La sangre goteaba del borde de la boca de Langston, pero éste se la limpió con indiferencia, con ojos fríos y calculadores.
«Vaya, Sr. Adams, unos movimientos impresionantes», se mofó, bajándose de la moto y cargando directamente contra Vincent.
Sin vacilar, chocaron, ambos enzarzados en una lucha feroz. Langston estaba completamente equipado, sus guantes añadían una capa extra de protección, dejando a Vincent en clara desventaja. Sin embargo, ninguno de los dos consiguió hacerse con el control del combate.
Los movimientos de Langston habían llevado a Vincent más allá de su punto de ruptura. Con cada puñetazo que Vincent lanzaba, el aire parecía cambiar, y cada golpe se estrellaba con fuerza en la cara de Langston. Vincent había sido más que generoso con su paciencia, y eso sólo había alimentado la creencia equivocada de Langston de que tenía alguna posibilidad.
Katelyn se quedó de pie, con el corazón acelerado por la preocupación. Había querido intervenir, pero cuando vio que Vincent empezaba a dominar a Langston, dudó. No solía apoyar la violencia, pero en el fondo sabía que a veces era la única forma, sobre todo cuando se trataba de lidiar con alguien como Langston.
Cuando Vincent asestó otro fuerte golpe a Langston, Katelyn se precipitó hacia delante, interponiéndose entre ellos.
«¡Ya basta! ¡Basta ya!»
Su mirada se ablandó de preocupación al ver los puños hinchados de Vincent y el moratón que se le estaba formando en el labio. Una extraña oleada de compasión la invadió, aunque no sabía muy bien por qué.
Cuando Katelyn volvió los ojos hacia Langston, su rostro estaba tan hinchado que resultaba casi irreconocible. Vincent claramente no se guardaba nada.
El rostro de Langston se contorsionó con furia, sus dientes rechinaron mientras escupía: «¡Lucha contra mí otra vez!».
En ese instante, se quitó la máscara tras la que se había escondido, dejando al descubierto quién era en realidad. Vincent le miró fijamente, con ojos llenos de burla, mientras le estrechaba la mano.

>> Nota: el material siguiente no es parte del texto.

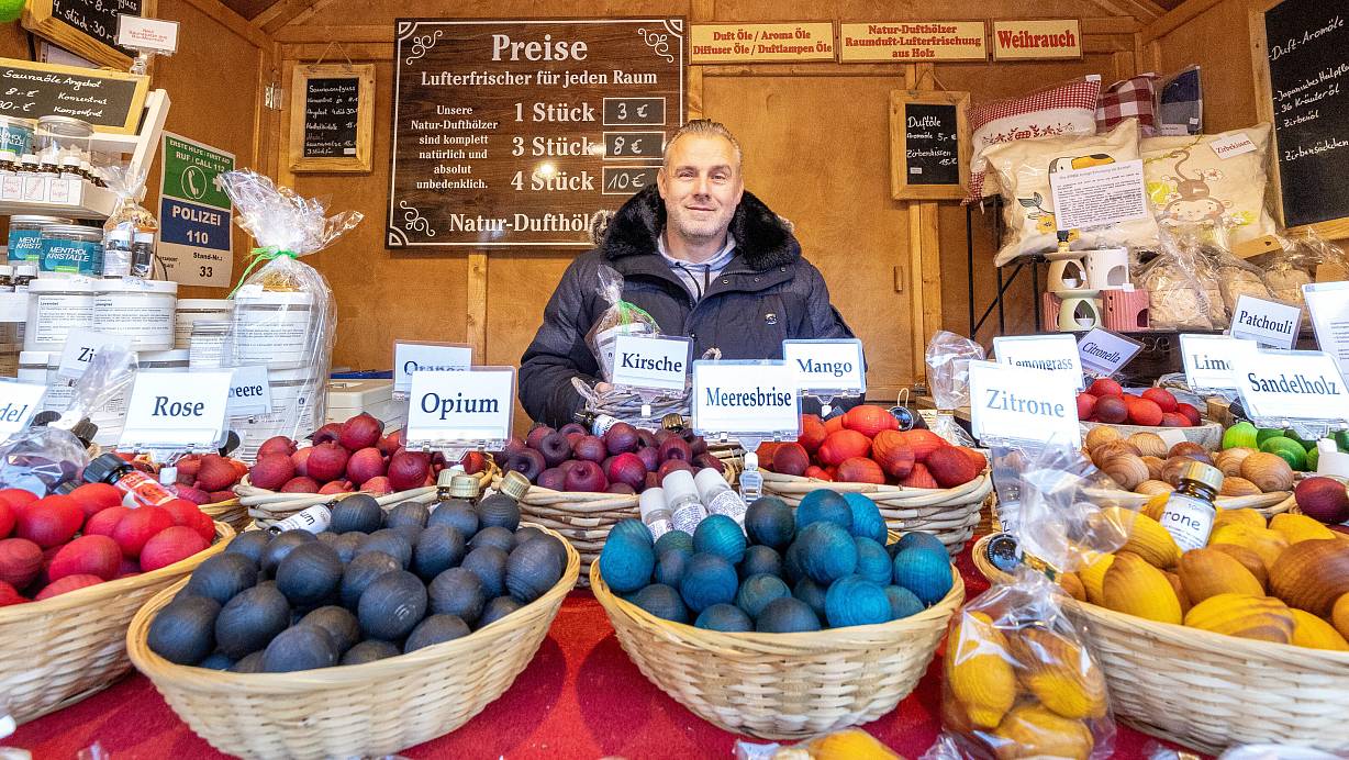 Janusch Jennebach aus Delbrück vertreibt auf dem Paderborner Weihnachtsmarkt Natur-Dufthölzer. | © Niklas Tüns

«Adelante, entonces», se burló, desafiándolo a hacer un movimiento. No iba a dejar escapar la oportunidad de demostrarle a Langston quién mandaba. De hecho, había estado esperando este momento desde que Langston hizo su primera amenaza. Cualquiera lo suficientemente tonto como para provocar a Vincent tenía que atenerse a las consecuencias.
Katelyn se puso delante de Vincent, con los brazos abiertos y la mirada fija en Langston. «Adelante, haz un movimiento si quieres otra paliza», desafió, con voz firme.